READ: How to Be a Versatile—and Better—Performer

A singer has to know—and listen to—their body.
“[With] a long run, you’ve gotta prevent the snowball. So if something starts feeling weird one day, you’ve gotta deal with it that day or it’s gonna turn into a bigger thing the next day. And it’s taken me a long time to learn that and to kind of tap into what that is. But you just take care of yourself, you know your body, you know your instrument, and you continually work at it. I can go through my career of just doing long runs, and I know so much more now than I did at the beginning, and I wish I could’ve told myself, ‘Save yourself on that.’ ‘Don’t kill yourself here.’ ‘Don’t do that.’ The only answer to that is just know yourself as well as you can.”

Stage acting is about putting your life in someone else’s hands.
“I put my entire life on the other person’s shoulders, regardless—they don’t have a choice. So that’s gonna happen. Everybody’s listening to each other. Especially in this show, there are so many things that we’re all having to be aware of, and you just know that you have each other’s backs, that we’re in this together. It’s too hard to do alone. So I put my life in their hands, and I know that they’re putting theirs in mine. That’s the deal.”
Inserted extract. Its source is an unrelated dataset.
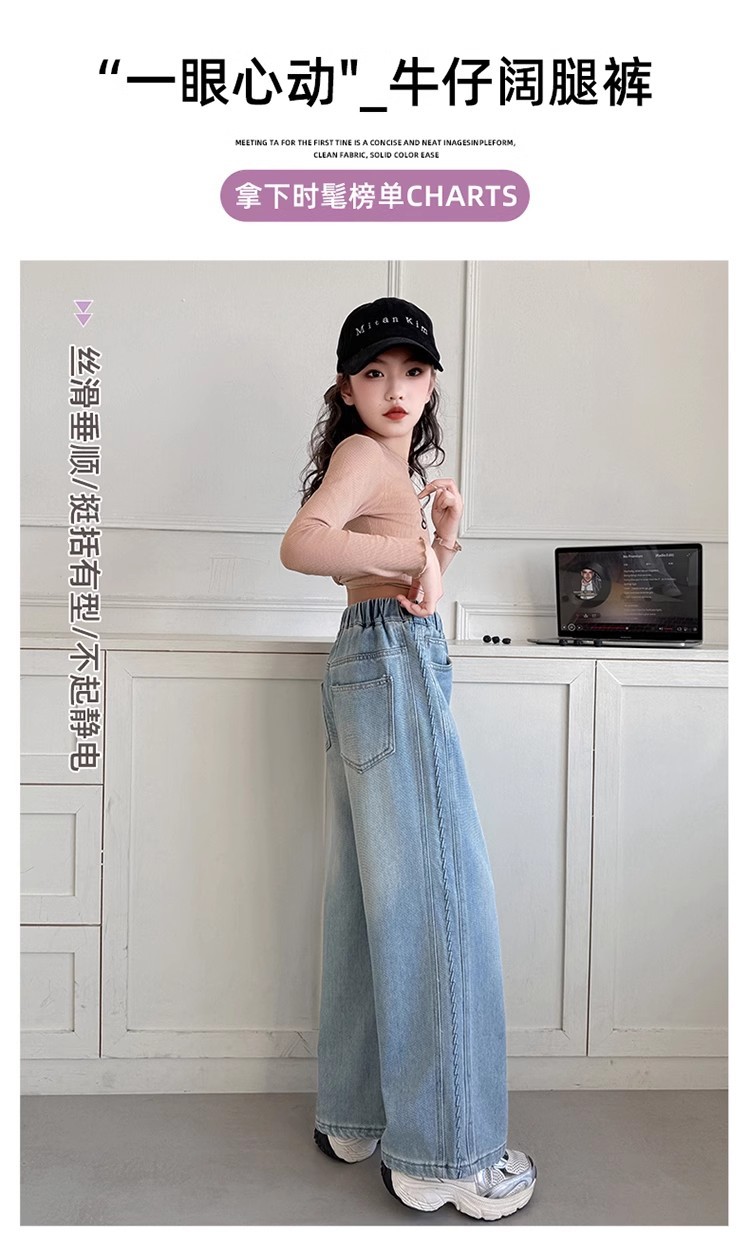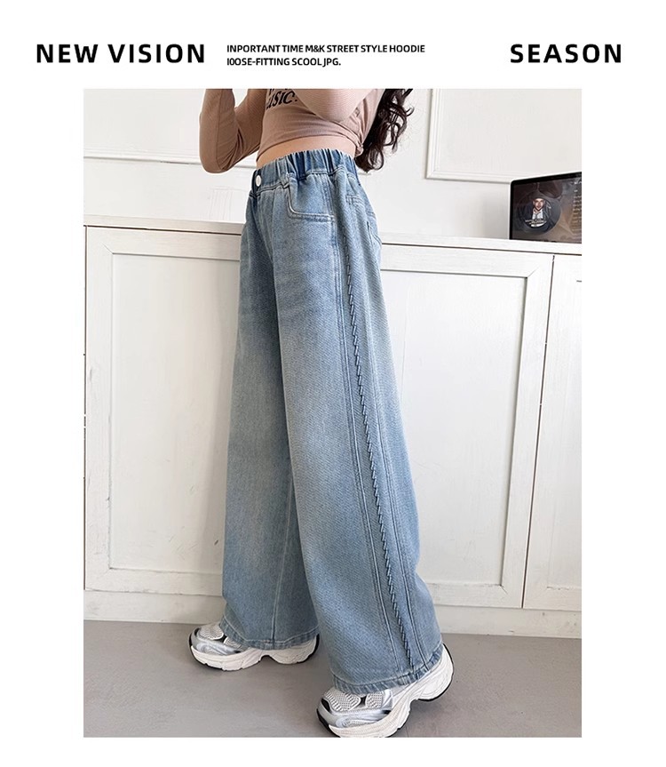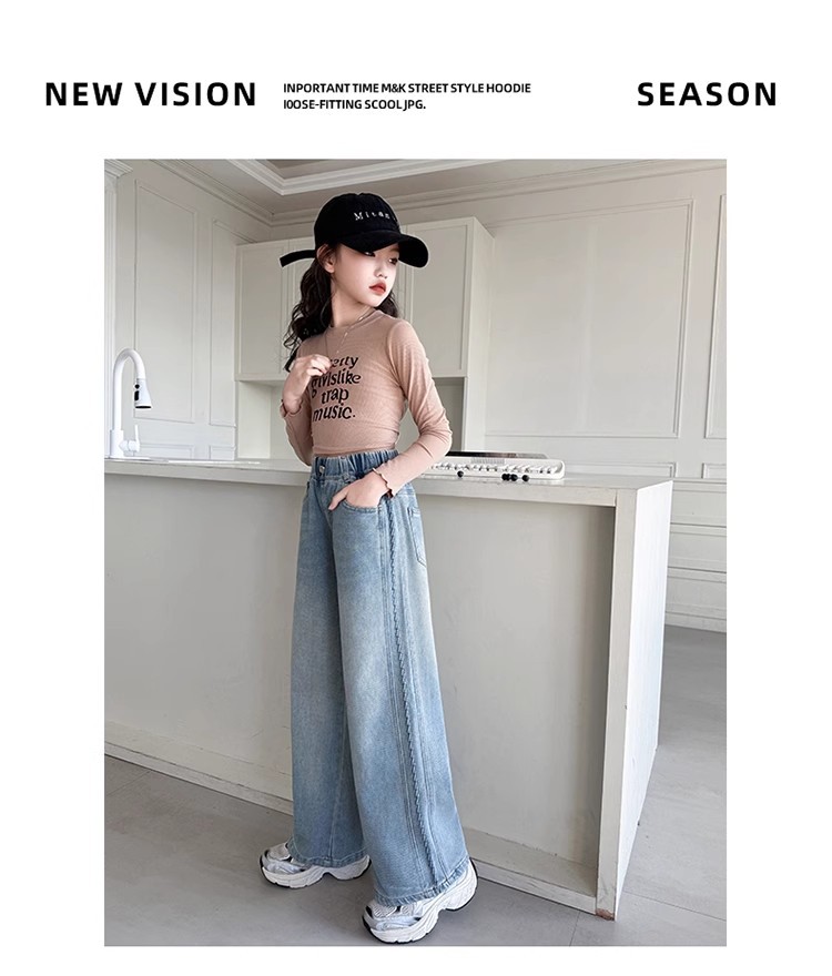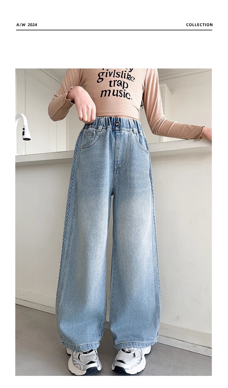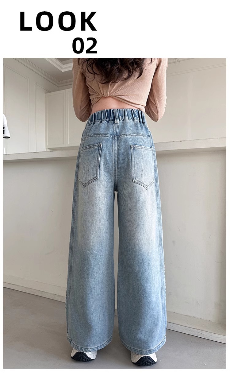 Джинсовые широкие брюки для девочек Весна и Осень 2025 Новый стиль иностранный мальчик модные свободные прямые брюки с высокой талией длинные брюки

Rejection is just someone’s opinion.
“In a weird way, the radical acceptance of how insane this business is is not logical, it’s just not. And the lifestyle of an actor or anyone in the arts is not only not logical, but we’ve been trained—especially in this country, you get into this idea of: high school, college (maybe, it’s up to you), get a job, get married, have children (maybe), die, it’s over. That’s not the boat we’re in. So we won’t have one employer our whole lives, and there are a lot of people in this country who do, so we’re constantly fighting against this paradigm that is just not built for us. But I think you handle rejection by being aware that everybody’s being rejected…. The throughline is the passion, and the love of doing it is the thing that gets you through. And then the rejection, it’s just somebody’s opinion.”